During the trial of Oscar Pistorius, South Africans became aware of a very important concept in Roman-Dutch law: dolus eventualis. It simply means that we can be held legally liable for the foreseeable consequences of our actions, part of our obligation as citizens to act responsibly at all times. It is a concept seemingly totally unknown to legions of South African drivers. You do not have to venture onto the national roads to experience this. There was a time when taxi drivers took the blame for most of the bad driving in urban areas. They remain prime culprits, but their behaviour has been copied by many others. Ubuntu and the rainbow nation are long since dead and buried judging by driving culture, which is self-centred and recklessly egocentric. English law is replete with quaint phrases, one of which is ‘demanding with menaces’. Here, South Africans drive ‘with menaces’. A lack of respect shown to other users of the road is endemic.
At the beginning of December we shall go through the annual charade of the Christmas/New Year road safety campaign, doubtless employing the meaningless phrase ‘zero tolerance’. About 1,500 people will die as usual on the roads during the so-called festive season. What is generally forgotten is that this is the normal death rate on the roads throughout the year regardless of holidays and traffic volumes.
Nothing will change in any meaningful way because this is all the result of accepted behaviour. Like gun massacres in the United States, people continue to die in numbers because there is a lack of real will to make a change. Society has to all intents and purposes come to regard such death as part of normal life.

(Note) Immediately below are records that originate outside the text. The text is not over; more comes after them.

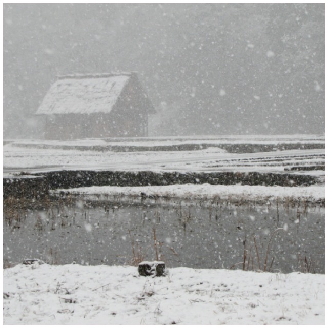 爭取時間下山到村內走一圈,積雪不多路也不難走,套上雪鞋算是輕鬆自如,如果像是積雪高過一個人的那種,我想又是一番不同於初雪的體驗、景色,下雪的第一天,大部分房子、路上都舖上白雪,並沒有積雪的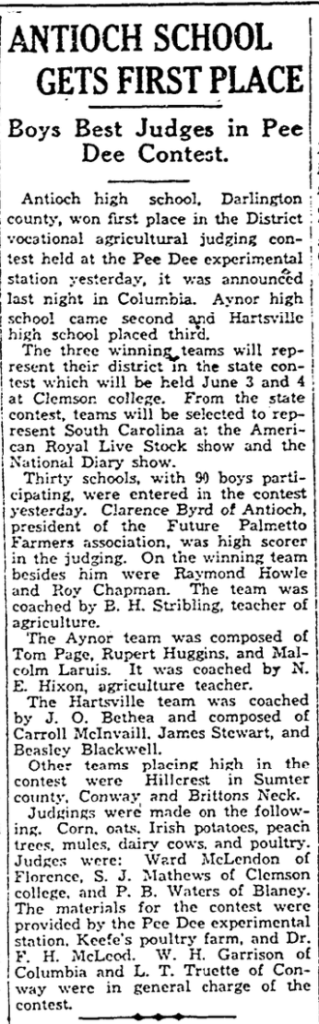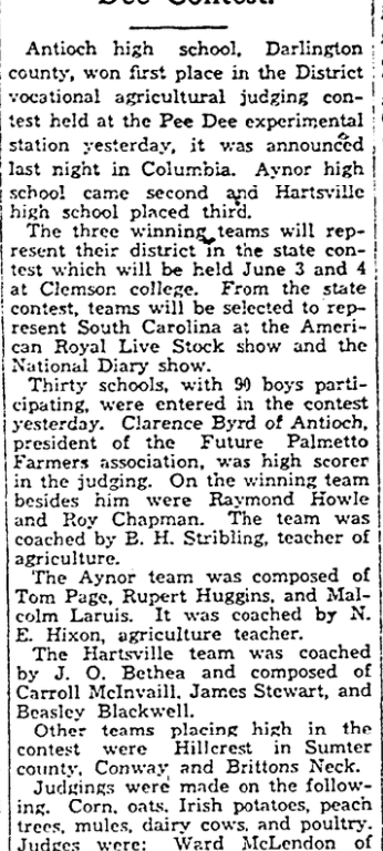 Thirty schools, with 90 boys participating, were entered in the contest yesterday. Clarence Byrd of Antioch, president of the Future Palmetto Farmers association, was high scorer in the judging. On the winning team besides him were Raymond Howle and Roy Chapman. The team was coached by B. H. Stribling, teacher of agriculture.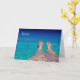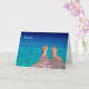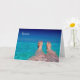 Framsidan av hälsningskortet i grattisarna i pension har ett foto av ett par maniska fötter som sticker ut från ett blått hav under ett levande blå himmel. Texten i ljusblå överst lämnat står helt enkelt "slappna av". Insidan säger "Du förtjänade det" och sen "Grattisar"! All text, både fram och in, är lätt att anpassa, så du kan göra det spelar ingen roll att du vill.

It is a sadly mindless state of affairs, the product of macho societies that deep down revere violence. In South Africa, about 30,000 people die violent, unnatural and premature deaths each year. This has been the case for years and no one seems capable of – or really interested in – doing anything much about it. It has, quite literally, become accepted as part of the state of the nation. It is hard not to believe that this has some sort of link with the collective national psyche together with a cynical culture of indifference and corruption. All these anti-social behaviours feed off each other.

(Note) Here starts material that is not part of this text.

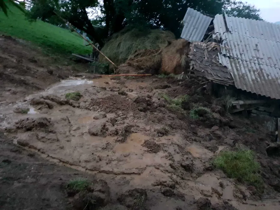 FOTO. Alunecare de teren într-un sat din Braşov: zeci de animale au murit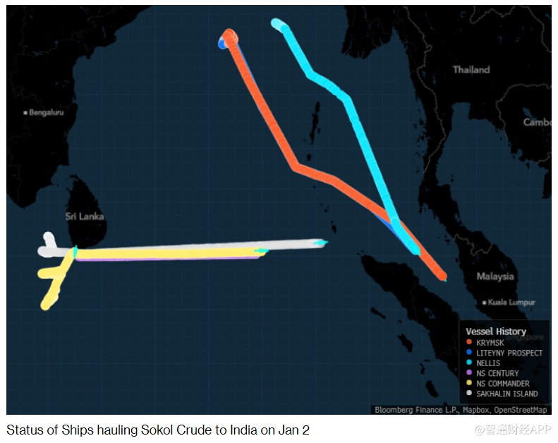 智通财经APP获悉,据报道,许多运输俄罗斯原油的船只此前一直在印度附近徘徊,如今正驶离印度向东航行。由于印度炼油厂对向俄罗斯支付石油款项感到担忧,上月运往印度的俄罗斯原油数量大幅下降。船只跟踪数据显示,从俄罗斯远东地区装载索科尔石油的5艘船只——“NS Commander”号、“Sakhalin Island”号、“Krymsk”号、“Nellis”号和“Liteyny Prospect”号——正以7到10节的速度驶向马六甲海峡。第6艘同样装载索科尔石油的“NS Century”号仍然靠近斯里兰卡。

And if this were not bad enough, legislation dubbed the Drunken Drivers Bill is now making its way through parliament. Its basic purpose seems logical enough: to do away with the disastrous Road Accident Fund, which is a honeypot for corrupt lawyers acting on behalf of persistent litigants. Under the Road Accident Benefit Scheme everyone will be paid out, including drivers at fault many of them under the influence. It will cut out the tainted and greedy lawyers, but encourage drunken driving. Probably even more people will die on South Africa’s roads. (A matter of terminology: why are road crashes called accidents? Most are the foreseeable consequence of irresponsible action as in dolus eventualis above). Critics have pointed out one obvious antidote practised in Britain and in the often-maligned Zimbabwe: compulsory vehicle and third party insurance. But that would undermine the anarchic, Wild West component of the national psyche.
Driving behaviour tells us a great deal about the ethics and attitudes of a society. South Africans should be doing a great deal of soul-searching about theirs.